Тогда же все узнали, что князь Кутузов, выслушав графа Толя, дал предписание русской армии отступать за Можайск, к Москве. Наутро Перовский получил приказание состоять при Милорадовиче.
XV
Было тридцать первое августа. В этот день, с утра, у княгини Анны Аркадьевны все, наконец, было готово к отъезду в тамбовское поместье Паншино. Во дворе, у флигеля, стояло несколько последних нагруженных подвод, которые было решено, с необходимою прислугой, отослать вперед. На возах — с кадками, птичьими клетками, сундуками, посудой и перинами — сидели в дорожных платках, кофтах и кацавейках, щелкая орехи и посмеиваясь, красавицы Луша, Дуняша, Стеша и семь прочих подручных горничных княгини, прачки, кружевницы и судомойки. Повар и поварчонки посадили туда же и слепого гуслиста Ермила, а сами за недостатком места собирались при подводах идти пешком. В особой открытой линейке вперед выехали главный дворецкий буфетчик, кондитер и парикмахер княгини. К одной из телег, с запасом сена и овса, был привязан верховой конь Авроры Барс, к другой — княгинина любимая холмогорская корова Молодка и бодавший прохожих старый конюшенный козел Васька. Экономка Маремьяша предназначила себе и привезенным из Новоселовки Ефимовне и Фене особую, крытую кожей и запряженную тройкой пего-чалых, бричку. Туда, на предварительно втиснутую и прикрытую ковриком перину, одетый в синюю куртку и алую феску арапчонок Варлашка бережно поставил клетку с попугаем и в корзине с пуховою подушечкой двух комнатных болонок княгини Лимку и Тимку. Сама Маремьяша давно все уладила; но, простясь с княгиней, еще ходила из комнаты в комнату, охая, всех торопя и не решаясь выйти. Наконец и она, в дорожном чепце, с Ефимовной и внучкой последней, держа какие-то узлы и горшочки с жасмином и геранью, показалась на девичьем крыльце. Все стали креститься. Обоз, к которому присоединили еще на особой подводе походную палатку, окончательно двинулся в полдень. Аврора утром того дня съездила в Никитский монастырь, где отслужила панихиду по Мите.

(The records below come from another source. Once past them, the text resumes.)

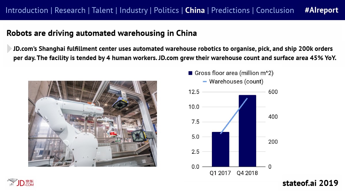 京东的上海配送中心使用自动化仓库机器人,每天组织、拣选和发货20万份订单,该设施仅由4名工人管理。京东的仓库数量和面积同比增长45%。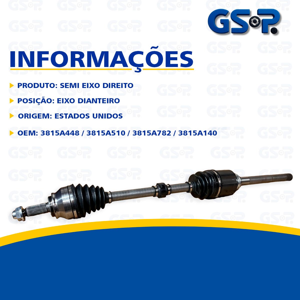 Descrição A GSP é uma das principais fabricantes de peças automotivas para o mercado de reposição mundial. Desde 1985, a empresa se destaca na produção de juntas de velocidade constante, eixos de acionamento, conjuntos de cubos, peças de borracha para metal, além de componentes de direção e suspensão. Com mais de 35 anos de experiência no setor automotivo, a GSP possui centros de distribuição estrategicamente localizados na América do Norte e na Alemanha, garantindo qualidade e eficiência no atendimento ao mercado global. Escolha GSP e surpreenda-se com a qualidade! Marca GSP Origem Estados Unidos OEM 3815A448 / 3815A510 / 3815A782 / 3815A140 OBS 982MM / DENTES LADO CAMBIO 30 / DENTES LADO RODA 28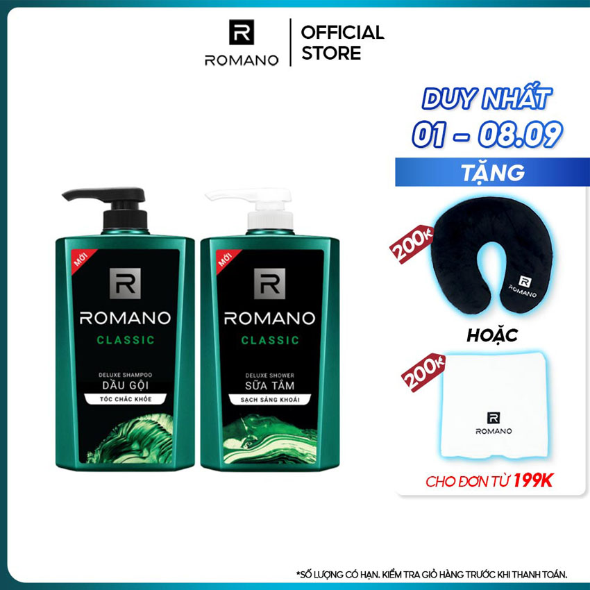 Combo Dầu gội và Sữa tắm Romano Classic cổ điển lịch lãm 650g/chai – 268.000đ

Она была в черном шерстяном платье и в белой косыночке на голове. Войдя с заплаканными глазами в опустелый дом бабки и узнав, что у княгини сидит доктор, она прошла наверх в свою любимую комнату и принялась укладывать последние вещи, еще во множестве разбросанные по стульям, окнам и столам. Что было нужно в дороге, она успела сдать на подводы; остальное заперла в ящики шкафов и комодов, положила ключи на стол и задумалась. «Брать ли ключи с собой? Какая я смешная: не все ли равно? — мыслила она, поглядывая на бумажки и сено, валявшиеся по комнате. — Если неприятелю суждено быть в Москве, все эти шкафы, комоды и столы будут разбиты, и грубые вражеские руки коснутся этих вещей». На окне валялись театральные афиши. Аврора бессознательно взяла их, стала просматривать и бросила на пол. Афиши гласили, что в московском театре несколько дней назад был исполнен анакреонтический балет «Брак Зефира», а чуть не накануне того дня шла драма «Наталья боярская дочь» и после спектакля был «маскарад». Эти же афиши спокойно объявляли открытие абонемента на двести новых спектаклей с наступавшего сентября, «Театр веселости, — с горьким вздохом подумала Аврора, — в такое время! Где совесть, где сердце у этих людей?» Она заметила на небольшом, с бронзовою отделкой столике у изголовья ее кровати забытую ею тетрадь любимых нот в красном сафьянном переплете. Аврора раскрыла ноты и со слезами упала на них головой. «Видишь ли ты меня, мой далекий? — думала она, рыдая. — Где в эти мгновения ты и что с тобой?» Ей вспомнилась поездка с женихом на Поклонную гору, последнее свидание с Базилем, вид пылавшей Новоселовки и пушечная пальба под Можайском. «Чем кончилась грозная битва? думала она. — Кто победил и кто жив?»
— Барышня, ее сиятельство готовы, ждут вас! — раздался в комнате голос. Аврора оглянулась. У дверей, в смятой, давно не надеванной дорожной ливрее с гербовыми бронзовыми пуговицами и множеством воротников, стоял выбритый, раскрасневшийся и недовольный сборами слуга княгини Влас. Его седые брови были важно подняты.
— Иди, голубчик, я тоже готова, сию минуту! — ответила Аврора, закрывая ноты. Она схватила клочок бумаги, набросала на нем несколько строк и, сложив написанное, подумала: «Отдам дворнику; Базиль, если господь его спас — о, я надеюсь на это! — вступив с отрядом в Москву, поспешит сюда, получит записку от дворника и будет утешен хоть этими строками». На клочке бумаги было написано:
«31 августа 1812 года. — Мы едем, дорогой, сейчас в Паншино. До свидания. О смерти Мити ты, верно, знаешь. Я сегодня молилась о нем и поклялась… Если буду жива, если потребуются жертвы, ты увидишь, русская женщина, русская патриотка сумеет исполнить свой долг. Не забывай любящей тебя Авроры».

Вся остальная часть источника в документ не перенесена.